A logrotate config at /etc/logrotate.d/moe-admin-logs provides an additional daily safety net with compress and delaycompress.

Configurable fields:

Field Default Environment variable
max_bytes 52 428 800 (50 MB) LOG_MAX_BYTES
backup_count 2 LOG_BACKUP_COUNT

systemd Journal

Schedule: applied on journald restart
Config: /etc/systemd/journald.conf.d/size-limit.conf

[Journal]
SystemMaxUse=512M
SystemKeepFree=1G
MaxRetentionSec=30day

The journal is capped at 512 MB. Entries older than 30 days are vacuumed automatically.
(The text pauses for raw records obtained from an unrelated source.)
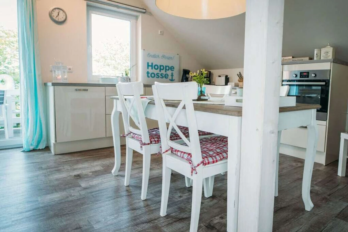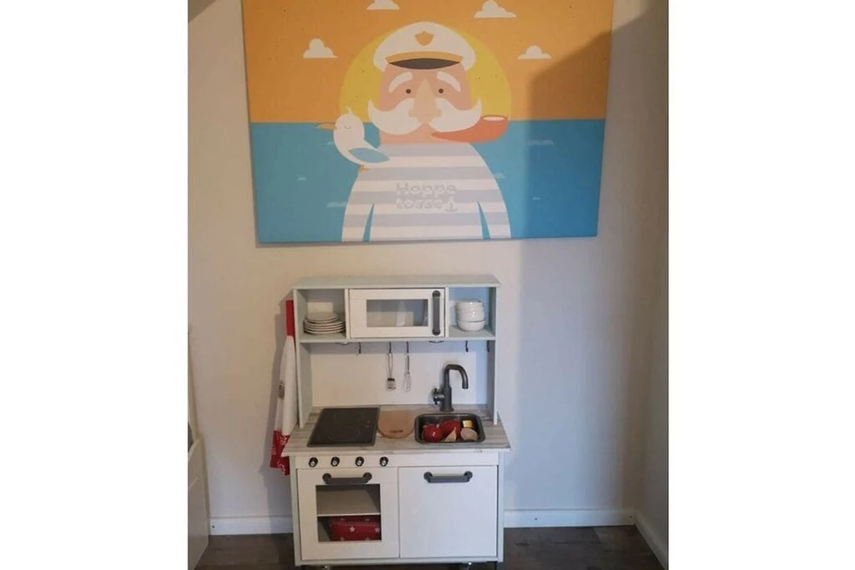 Die familienfreundliche Ferienwohnung bietet ausreichend Platz für 4 Personen und verfügt über 1 Schlafzimmer, 1 Kinderzimmer, 1 Wohnzimmer mit offener Küche und 1 Badezimmer mit Sauna sowie einen Balkon. Parkplatz direkt an der Ferienwohnung. Die Hoppetosse ist mit allem ausgestattet, was man zum Erholen braucht. Von Bollerwagen über Bücher, Spielzeug, Sandspielzeug, usw. Auch für die ganz kleinen ist alles da: Babyreisebett, Wickeltisch, Hochstuhl, Treppenschutzrollo, Rausfallschutz fürs Kinderbett, Hocker im Bad, Kinder WC Sitz, ...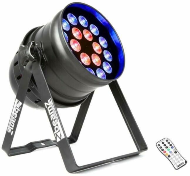 BeamZ Professional PAR-64 RGBW (18x12W) DMX Quad LED reflektor + IR távirányító Hivatalos magyarországi forgalmazótól. Leírás: Extra nagy fényerejű, professzionális használatra tervezett PAR-64 lámpa, 18 darab 12w teljesítményű quad LED-del szerelve. A négy alapszín segítségével szinte bármilyen színt képes kikeverni. Digitális kijelzővel rendelkezik, mely segítségéve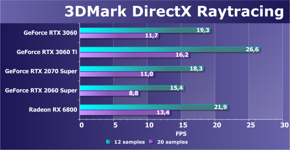 Рейтинг составлен по 4 тестам с применением технологии трассировки лучей и/или DLSS. На сегодня RT поддерживается ускорителями серий Nvidia GeForce RTX и AMD Radeon RX 6000. Этот рейтинг нормирован по самому слабому ускорителю в группе — GeForce RTX 2060 (то есть сочетание скорости и функций GeForce RTX 2060 приняты за 100%).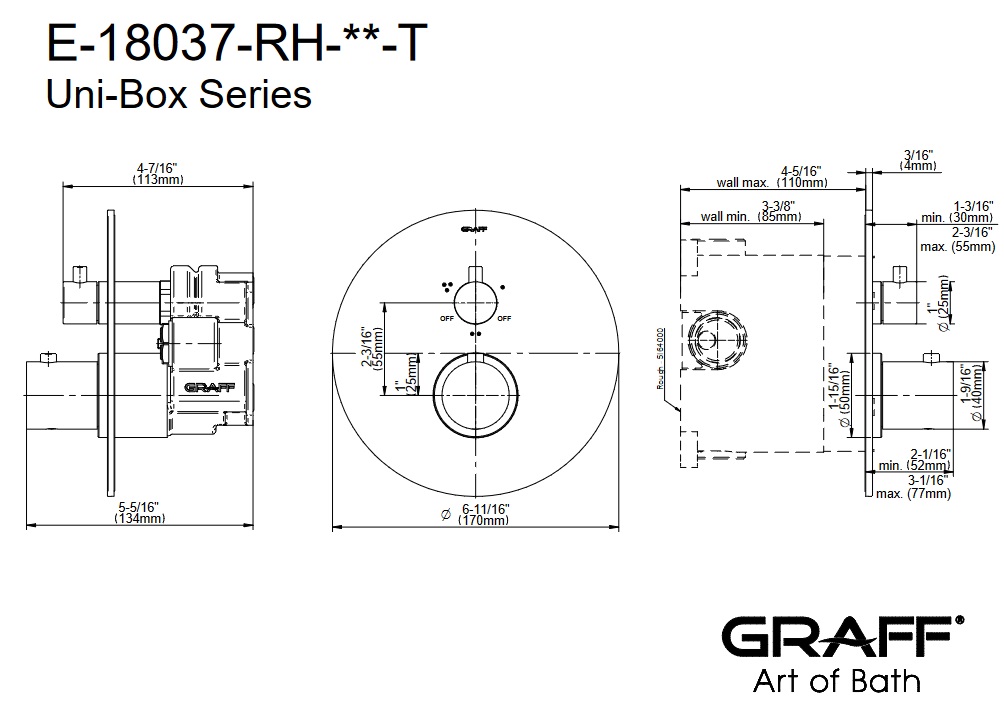 Graff M.E./M.E.25 Bateria natryskowa termostatyczna podtynkowa z przełącznikiem 3-drożnym - element zewnętrzny Chrom E-18037-RH-T
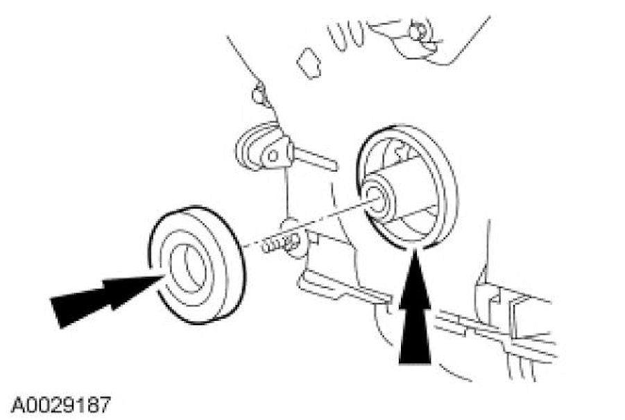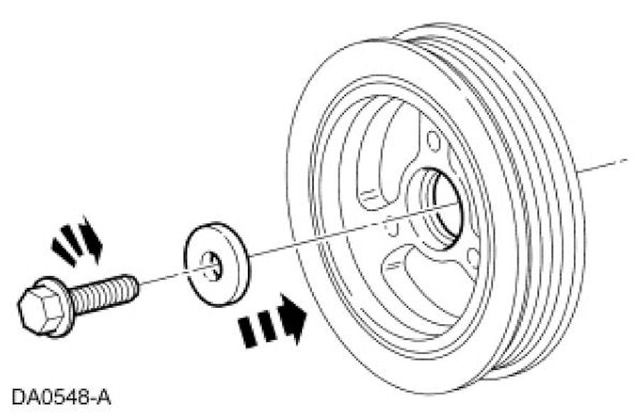 44. NOTE: Use a suitable strap wrench (303-DO55) to hold the pulley while tightening the bolt.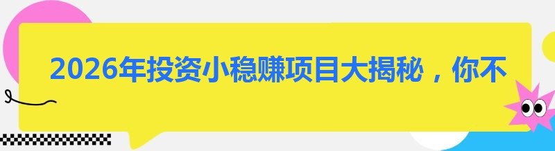 2026年投资小稳赚项目大揭秘,你不容错过!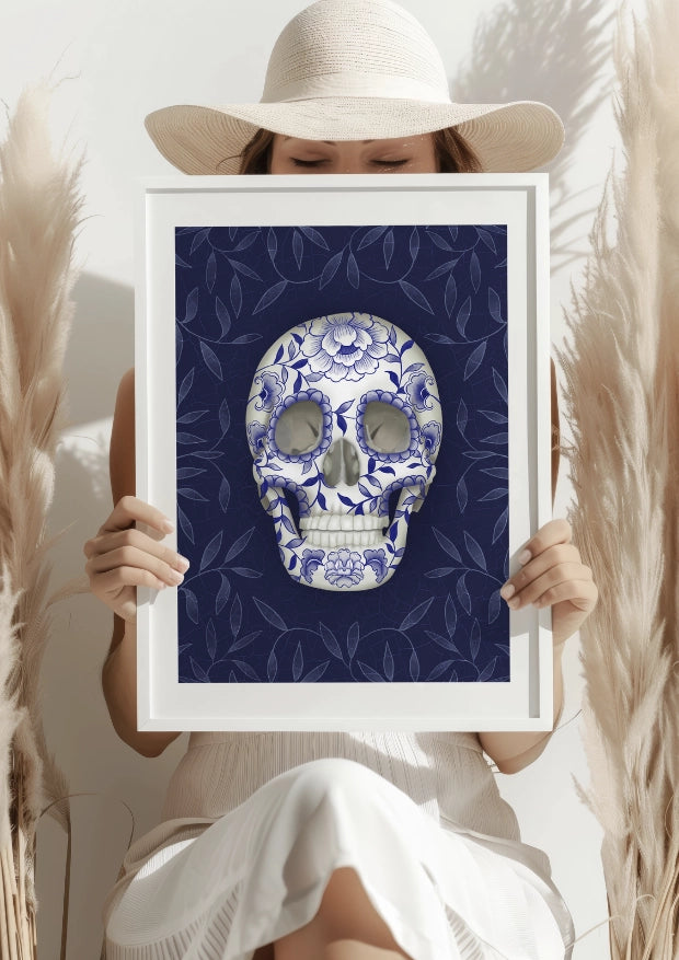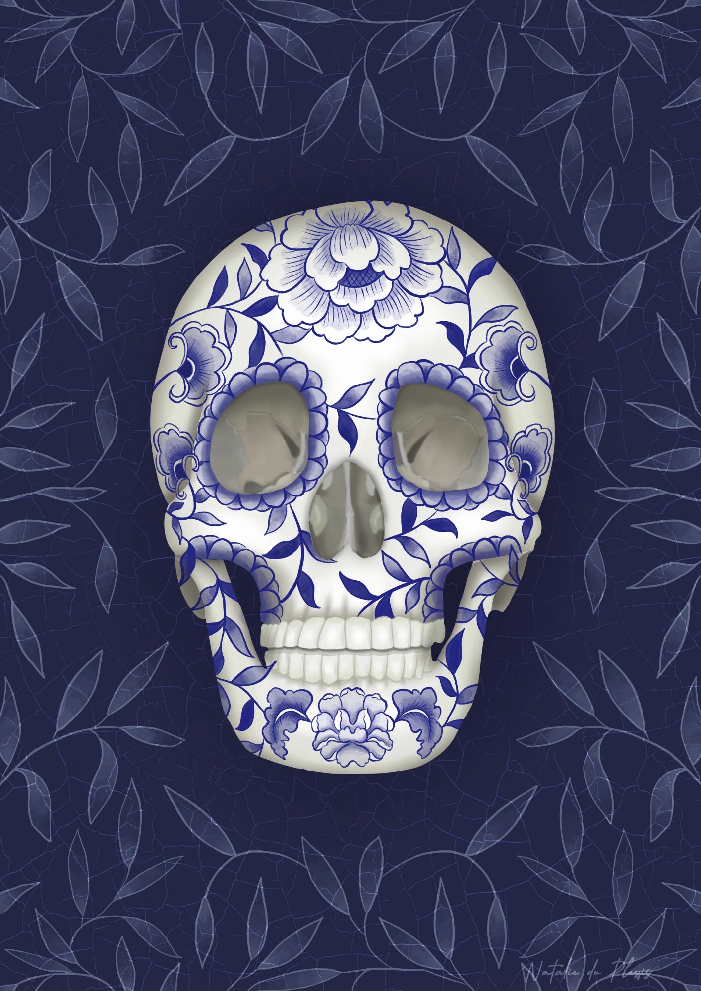 Ten plakat łączy w sobie kontrastujące motywy, tworząc niepowtarzalne połączenie klasyki i współczesnej estetyki. Niebieskie wzory inspirowane tradycyjną porcelaną kontrastują z motywem czaszki, tworząc zaskakujący efekt, który przyciąga uwagę.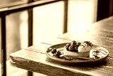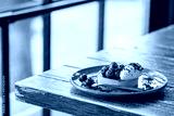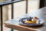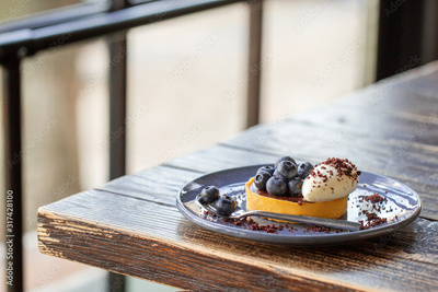 Tart with chocolate, cheese and berries. Breakfast is sweet with blueberries. Beautiful tasty dessert on the table. Vegetarian dessert with blueberries. Dessert on a saucer. Chocolate dessert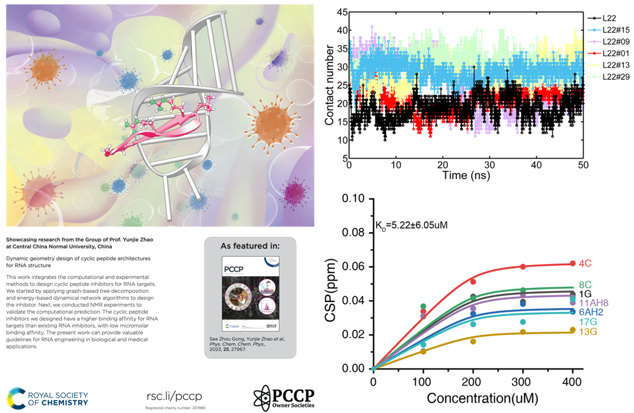 图1.左图为Physical Chemistry Chemical Physics的封面介绍。右图为环状肽分子的理论模拟和核磁共振光谱实验结果,该图表明设计的环状肽分子与靶标RNA有较强的结合能。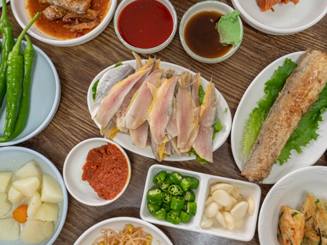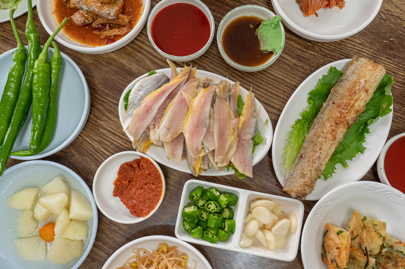 반지회, 갈치구이 한토막, 반찬 예닐곱 가지가 가득 오르는 해성식당의 반지회 정식 한 상 |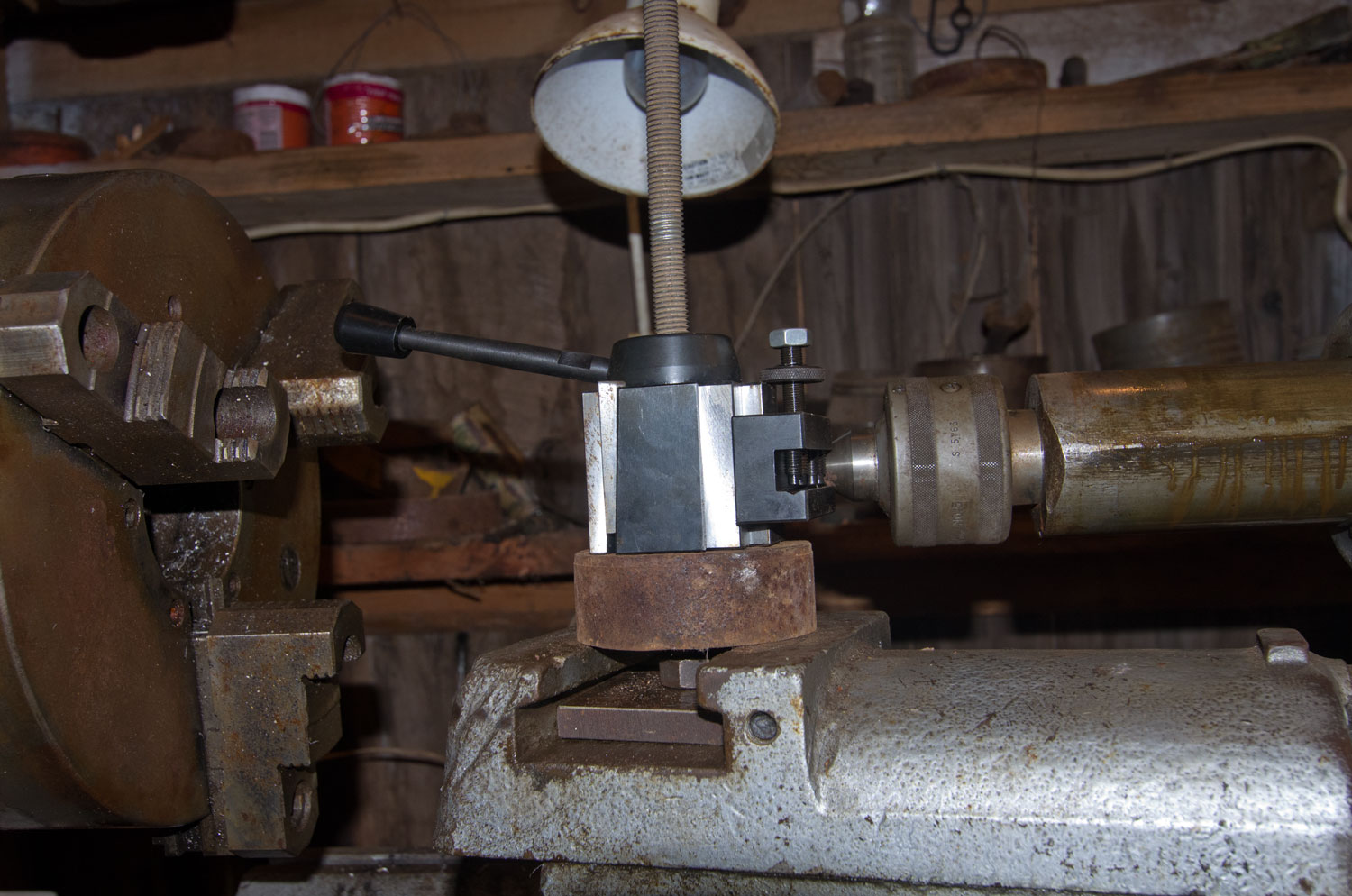 The second thing I needed to do to use the post was to block it to a height that made it usable. The tools can be adjusted within a 1 inch range on the post, but to get the post within range, I needed to block it up 1.5". I was going to need some block anyway because the post was too small to sit on top the compound and adequatly clamp down. I found a 4" round scrap in the shop 1.5" thick and decided that was just right. I cleaned it turned it true, fit it with a 5/8's center hole so it would stay centered and I was in business. The 4" diameter was big enough to clamp solidly to the compound, yet not so big as to provide clearance problems

Configurable fields (read-only in UI, edit config file manually):

Field Default
max_use_mb 512
retain_days 30

Prometheus TSDB

Schedule: continuous — Prometheus enforces the window internally
Config: PROMETHEUS_RETENTION_DAYS in .env

Prometheus discards metric blocks older than the configured retention window. The value is injected at container start via the --storage.tsdb.retention.time flag in docker-compose.yml.

Restart required

Changes to PROMETHEUS_RETENTION_DAYS require docker compose up -d moe-prometheus to take effect.

Configurable fields:

Field Default Description
retention_days 30 Days of metrics to retain

Configuration File

All cleanup parameters are stored in /opt/moe-infra/cleanup-config.json and mounted read-write into the moe-admin container at /app/cleanup-config.json.

{
  "docker_prune": {
    "enabled": true,
    "schedule": "daily"
  },
  "checkpoint_archive": {
    "enabled": true,
    "schedule": "daily",
    "keep_rows": 30000,
    "retain_days": 90
  },
  "admin_logs": {
    "enabled": true,
    "schedule": "on_write",
    "max_bytes": 52428800,
    "backup_count": 2
  },
  "journal": {
    "enabled": true,
    "schedule": "on_restart",
    "max_use_mb": 512,
    "retain_days": 30
  },
  "prometheus": {
    "enabled": true,
    "schedule": "continuous",
    "retention_days": 30
  }
}

Editing via the Admin UI writes this file directly. Cron scripts re-read it on every run so config changes take effect without restarting containers.


History & Metrics

Every cron run appends a structured record to /opt/moe-infra/cleanup-history.jsonl:

{
  "job": "docker_prune",
  "ts": "2026-04-19T01:00:00Z",
  "duration_s": 47,
  "freed_bytes": 48560000000,
  "details": {
    "images_freed": "48.5 GB",
    "build_cache_freed": "0 B"
  }
}

The Admin UI reads this file and computes rolling averages for freed bytes and duration. This lets you spot when a system grows abnormally fast — for example, if avg_freed_bytes for docker_prune spikes from 2 GB to 40 GB, it indicates an unusual rebuild burst.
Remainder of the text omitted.